No. BI rules state that there is no automatic cancellation and downgrading of visas, except in limited situations. A formal downgrade request is usually required. (Supreme Court E-Library)
How many days can I stay after my 9G is downgraded?
If the downgrade is approved before your visa expires, BI rules allow a 59-day temporary visitor/tourist period from the approval of the downgrade. Extensions may be possible, subject to ordinary tourist visa restrictions. (Supreme Court E-Library)
Can I work during the 59-day period after downgrade?
No. The 59-day period is for winding up affairs, not for continuing employment. After downgrade, you are under temporary visitor/tourist status.
What if my 9G expired before I filed the downgrade?

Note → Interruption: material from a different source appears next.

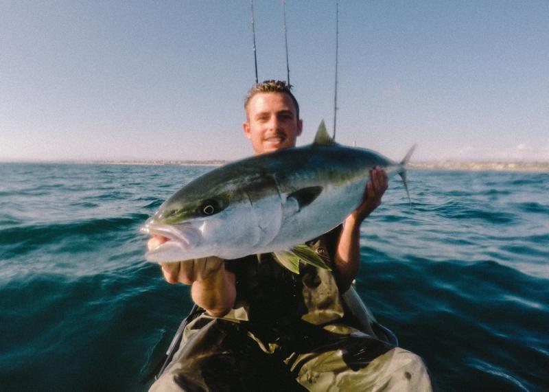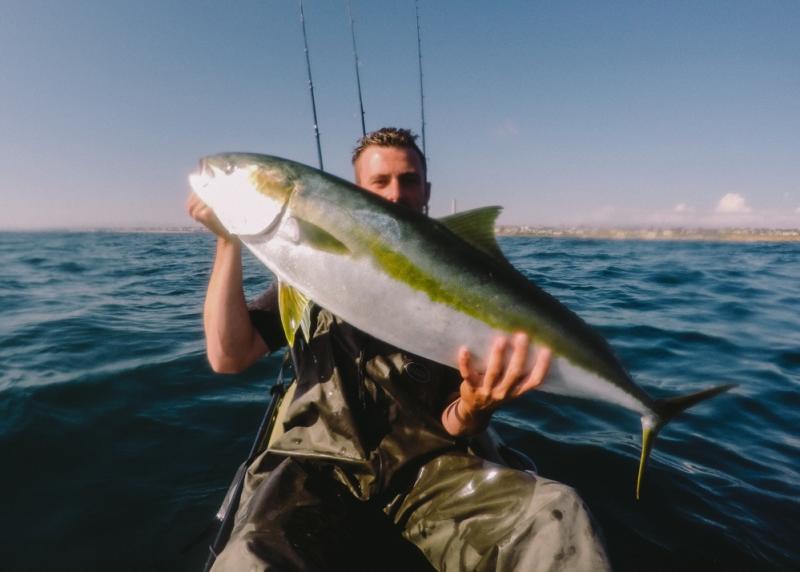Had one of those feelings in my gut telling me to fish today after work. Launched locally in some sketchy 3-4ft surf. Timed it almost right and ended up getting soaked on the first wave of a set. Lost my hat. Damn. Hauled ass to the local kelp with only a few hours of light left, got some greenbacks, threw one out and 10 minutes later I got hooked up. The local sportboat gave me words of encouragement as it pulled away, ended up getting it to the boat shortly after. Quick photo, then released. After so much time spent at this spot, and so many missed opportunities .... it felt damn nice to finally pull one up. The bait was really weird today and didn't want to swim so I just called it a day and headed in. On my way in I found my hat floating in the surfline ... great afternoon!

If filed within 59 days after expiration, BI rules treat you as overstaying but still recognize a process to update your stay. If filed after more than 59 days, additional fees, penalties, and sanctions may apply. (Supreme Court E-Library)
Can my employer file the 9G downgrade for me?
Yes, the employer or an authorized representative often assists, especially because the 9G was employer-sponsored. If filed through a representative, BI requires either BI accreditation identification or a Special Power of Attorney for each applicant.
Do my dependents need to downgrade too?
Usually, yes. Dependents under a 9G are tied to the principal visa holder’s status. Their passports, ACR I-Cards, and visa records should be handled consistently with the principal’s downgrade.
Do I need an ECC after downgrading?
Possibly. BI lists holders of expired or downgraded immigrant or non-immigrant visas among those covered by ECC-A, and valid immigrant or non-immigrant visa holders with ACR I-Cards leaving temporarily under ECC-B. (Bureau of Immigration Philippines)
Can I apply for a new 9G after downgrading?
Yes, if you have a qualified Philippine employer willing to petition for you and you meet the requirements. The new employer generally needs to process the proper work authorization and visa petition.
Can I just leave and return as a tourist?
It depends on your nationality, records, and whether your prior 9G status was properly closed. Leaving without addressing downgrade, cancellation, ACR I-Card, ECC, or overstay issues can create complications on future entry or visa applications.
Key Takeaways
- You usually do not need to leave the Philippines to downgrade a 9G visa.
- A 9G downgrade is normally filed inside the Philippines with the Bureau of Immigration.
- Downgrading converts the 9G work visa to temporary visitor/tourist status.
- If filed before expiration, BI rules generally allow a 59-day temporary visitor period after approval.
- There is no automatic downgrade just because you resigned, were terminated, or left the country.
- After downgrade, you cannot continue working unless you obtain proper work authorization.
- Dependents under the principal 9G should be processed consistently.
- Before departure, check whether you need ECC-A or ECC-B based on your status.
- Late filing can trigger overstay treatment, update fees, penalties, and possible immigration complications.